Kline seeks tougher child-porn laws

Kansas’ top cop is asking lawmakers to make life harder for people who collect child pornography and solicit sex from children.

“It has been ignored for too long,” Atty. Gen. Phill Kline said in an interview last week. “This population of predators is sophisticated, organized and predatory, and the dangers are great.”

Two proposals to toughen penalties for Internet sex crimes were among the requests Kline laid out last week for the Legislature. He also wants lawmakers to give prosecutors a longer window of time to file charges and to give police broader search authority during arrests.

The ideas received mixed reviews recently in Douglas County.

Lawrence Police spokesman Sgt. Dan Ward said the proposals would help his department fight career criminals and sex predators. Dist. Atty. Charles Branson said he’d have to review them in more detail.

Defense attorney Jim George said he didn’t think the changes would have much practical effect on the courts, but he said the proposal related to searches would erode civil liberties.

“That’s just one less right that we have,” George said.

Here’s a closer look at the changes Kline wants to make:

Kline wants to change the state’s child-pornography law to clarify that people caught with more than one image on a computer hard drive can be charged with one count per image.

The way the law is worded now, someone with multiple images on the same hard drive could be charged with only one count, he said.

Branson said, however, that in cases with multiple counts, the overall sentence can’t be more than double the sentence for the first count.

“When you stack counts, you can only go so far,” he said.

Child-solicitation law

Kline wants to make soliciting sex from a child a higher-level felony so that even people who don’t have a criminal background can be sent to prison on the first offense.

He cited a case from two years ago in which police caught a Pennsylvania man who had come to Shawnee to have sex with a Hocker Grove Middle School student whom he’d met online. The man was convicted of aggravated indecent solicitation of a child, but he got probation under the state’s sentencing guidelines, Kline said.

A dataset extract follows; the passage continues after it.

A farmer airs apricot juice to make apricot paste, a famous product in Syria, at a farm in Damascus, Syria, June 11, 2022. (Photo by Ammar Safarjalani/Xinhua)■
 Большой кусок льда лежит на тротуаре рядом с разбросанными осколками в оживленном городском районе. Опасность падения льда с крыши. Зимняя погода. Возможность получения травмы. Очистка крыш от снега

“We need to let these folks know if they get caught here, we’re going to hammer them,” he said.

Search authority

During an arrest, police in Kansas are allowed to search the suspect and the area within the suspect’s reach for evidence of only the crime for which the person is being arrested.

For example, if they arrest someone for driving on a suspended license, they can’t legally search the interior of the car for other contraband. Or if they do and find something illegal, prosecutors can’t use it in court.

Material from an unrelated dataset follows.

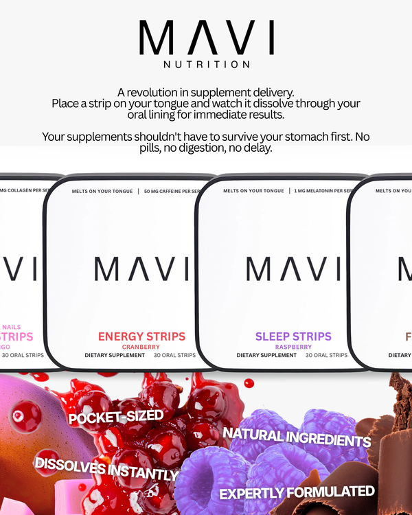 Six dissolvable wellness strips designed to fit your modern life—energy, focus, beauty, recovery, iron & sleep.

Kline wants to change the law so that police can look for evidence of “a” crime. He said that standard was in line with the U.S. Supreme Court’s guidelines for constitutional searches.

George, the defense attorney, said that may be true, but it’s still restricting Kansans’ rights.

“I don’t think it’ll have a real big impact, but it’s obviously taking away something that’s there now,” he said. “We’re talking about searches that are being conducted without a warrant, without judicial oversight. You’re taking away protection that we all enjoy.”

Statute of limitations

Of all the ideas suggested by Kline, extending the statute of limitations probably would have greatest impact, George said.

In Kansas, people generally get away with a crime if prosecutors can’t file charges within two years. There are some exceptions, such as for murder, which has no statute of limitations.

Kline wants to create a five-year window to mirror federal laws and the laws of other states.

Sen. John Vratil, chairman of the Senate Judiciary Committee, said that at first glance, he didn’t see a problem extending the window.

“The argument against it will be that as you get further and further away from the commission of the crime, the evidence is going to begin to disappear,” Vratil said. “It’s extremely difficult to defend oneself against an allegation about something that occurred five years before. Witnesses disappear, or their memories fade, and there’s the potential to convict an innocent person.”

But Kline said technological improvements, such as the increasing use of DNA evidence, were making it easier to prove crimes that are several years old.